Assigned task
Leaving out every picture, retype the lines below from the top through the one that contains "Dans chaque trait".

Source records
────────────────
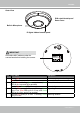 VIVOTEK Outer View IP66-rated Vandal-proof Dome Cover Built-in Microphone IR lights hidden beneath panel IMPORTANT: Record the MAC address under the camera base before installing the camera. Item 1 2 3 4 083236 LED Status Description Steady Red Power on and system booting Red LED off Powered off Steady Red + blinking Green every 1 sec. (Green Network heartbeat LED on for 1 sec and off for another) Steady Red + Green LED off Network disconnected Blinking Red every 0.15 sec.
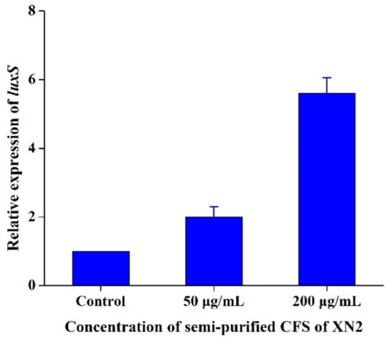 Effect of semi-purified CFS of strain XN2 on the relative expression of luxS of S. aureus. The data are shown as mean ± standard deviation. The critical limit is 5%. p < 0.05, the differences are significant.
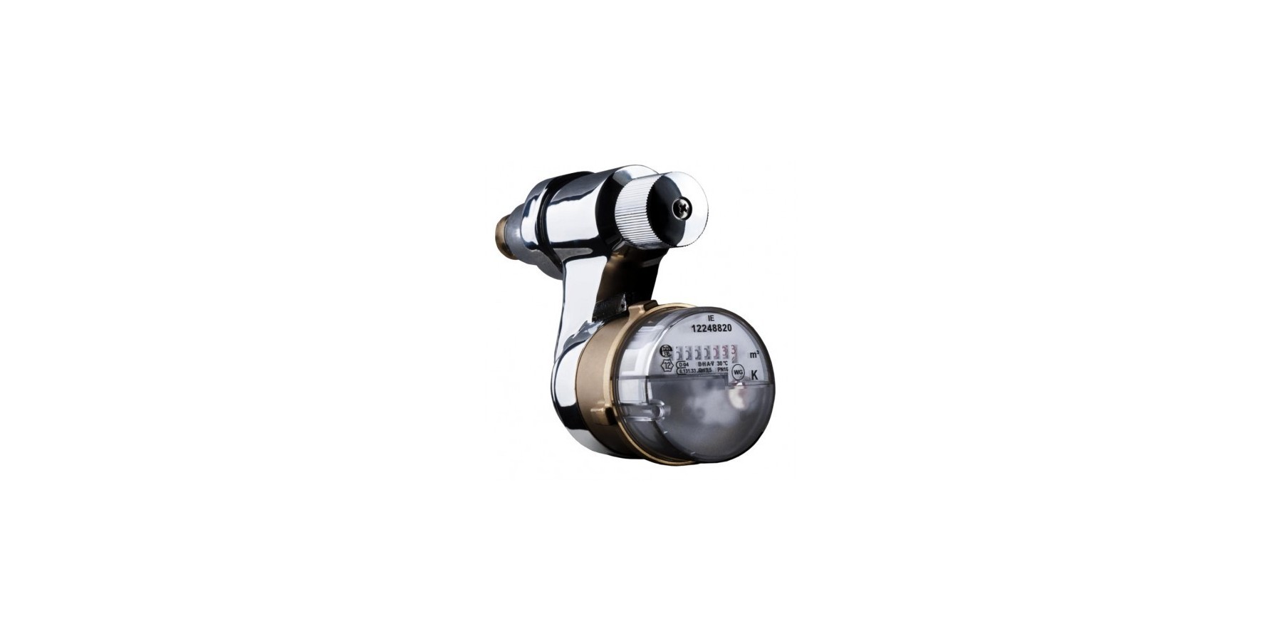 Contatore a getto unico, quadrante asciutto a trasmissione magnetica 8 rulli, avvitato sulla cassa con attacco EAS per la sostituzione del corpo misura senza lo smontaggio di tutto il gruppo rubinetto. Pressione nominale 10 bar. Temperatura massima di utilizzo 90°C. Predisposto per modulo radio 868 MHz (EN 13757) OMS. Completo di supporto in ottone cromato con rubinetto per la chiusura della mandata. A norma Europea EN 14154, direttiva 2004/22/CE (MID). Per una corretta installazione abbinare uno dei raccordi dedicati.
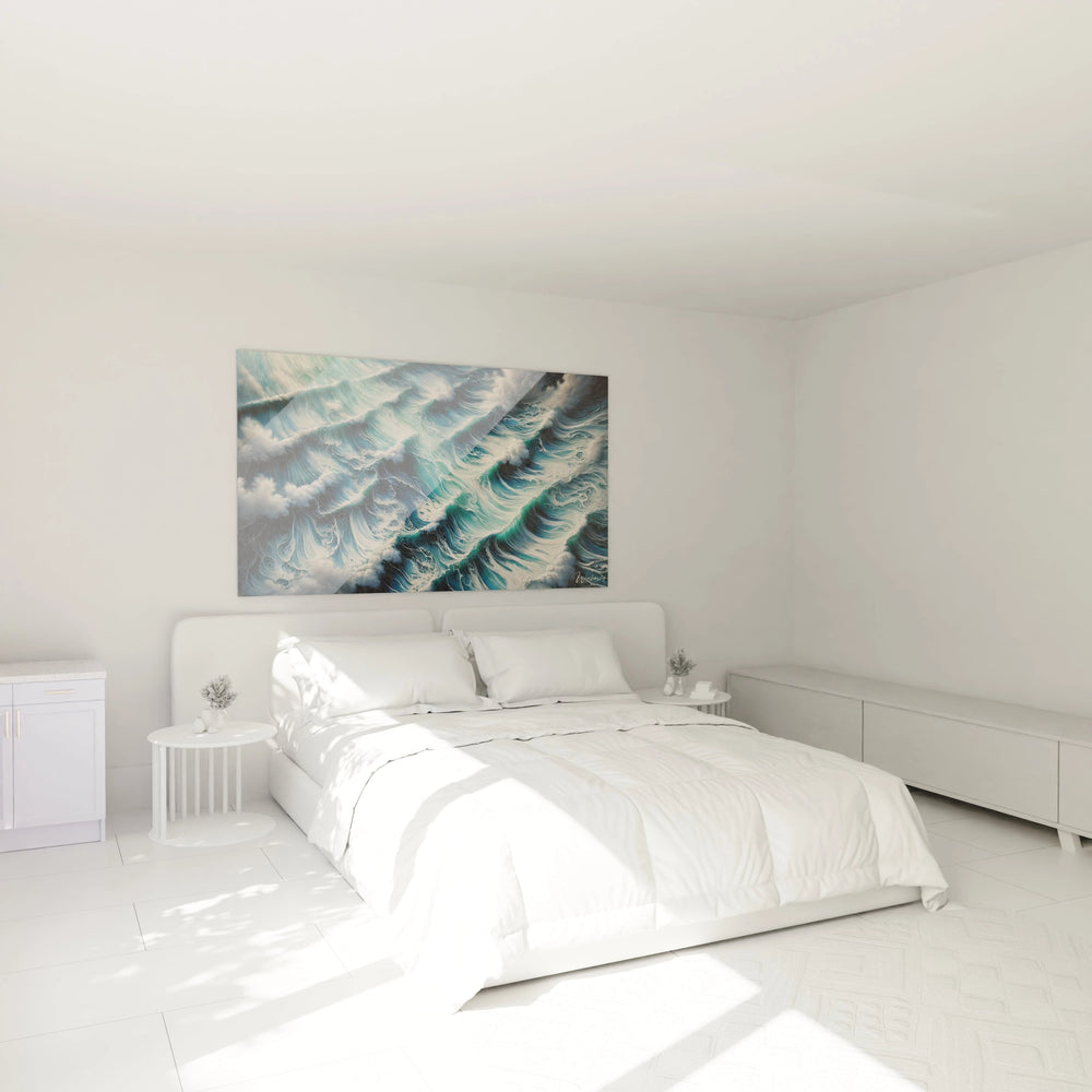Dans chaque trait fluide et chaque nuance délicatement choisie, ce tableau révèle le ballet hypnotique des vagues, miroitant entre bleu profond et vert émeraude, éclaboussés par des éclats de blanc éclatant. L’effet produit captive l’œil et l’esprit, comme si vous étiez au bord d’une falaise, sentant la brise marine caresser votre peau et le murmure constant des vagues rythmer vos pensées.
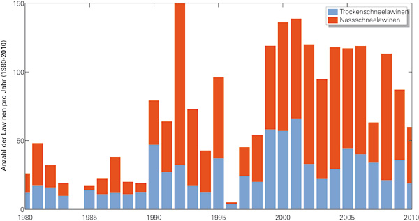 Lawinenexperten haben in den letzten Jahren beobachtet, dass die Anzahl der Nassschneelawinen gestiegen ist (Abbildung 1). Unter anderem im ACRP-Projekt RIMES hat das BFW die Auswirkungen des Klimawandels auf die Lawinenaktivität untersucht.
────────────────
Result for this exercise
 VIVOTEK Outer View IP66-rated Vandal-proof Dome Cover Built-in Microphone IR lights hidden beneath panel IMPORTANT: Record the MAC address under the camera base before installing the camera. Item 1 2 3 4 083236 LED Status Description Steady Red Power on and system booting Red LED off Powered off Steady Red + blinking Green every 1 sec. (Green Network heartbeat LED on for 1 sec and off for another) Steady Red + Green LED off Network disconnected Blinking Red every 0.15 sec.
 Effect of semi-purified CFS of strain XN2 on the relative expression of luxS of S. aureus. The data are shown as mean ± standard deviation. The critical limit is 5%. p < 0.05, the differences are significant.
 Contatore a getto unico, quadrante asciutto a trasmissione magnetica 8 rulli, avvitato sulla cassa con attacco EAS per la sostituzione del corpo misura senza lo smontaggio di tutto il gruppo rubinetto. Pressione nominale 10 bar. Temperatura massima di utilizzo 90°C. Predisposto per modulo radio 868 MHz (EN 13757) OMS. Completo di supporto in ottone cromato con rubinetto per la chiusura della mandata. A norma Europea EN 14154, direttiva 2004/22/CE (MID). Per una corretta installazione abbinare uno dei raccordi dedicati.
Dans chaque trait fluide et chaque nuance délicatement choisie, ce tableau révèle le ballet hypnotique des vagues, miroitant entre bleu profond et vert émeraude, éclaboussés par des éclats de blanc éclatant. L’effet produit captive l’œil et l’esprit, comme si vous étiez au bord d’une falaise, sentant la brise marine caresser votre peau et le murmure constant des vagues rythmer vos pensées.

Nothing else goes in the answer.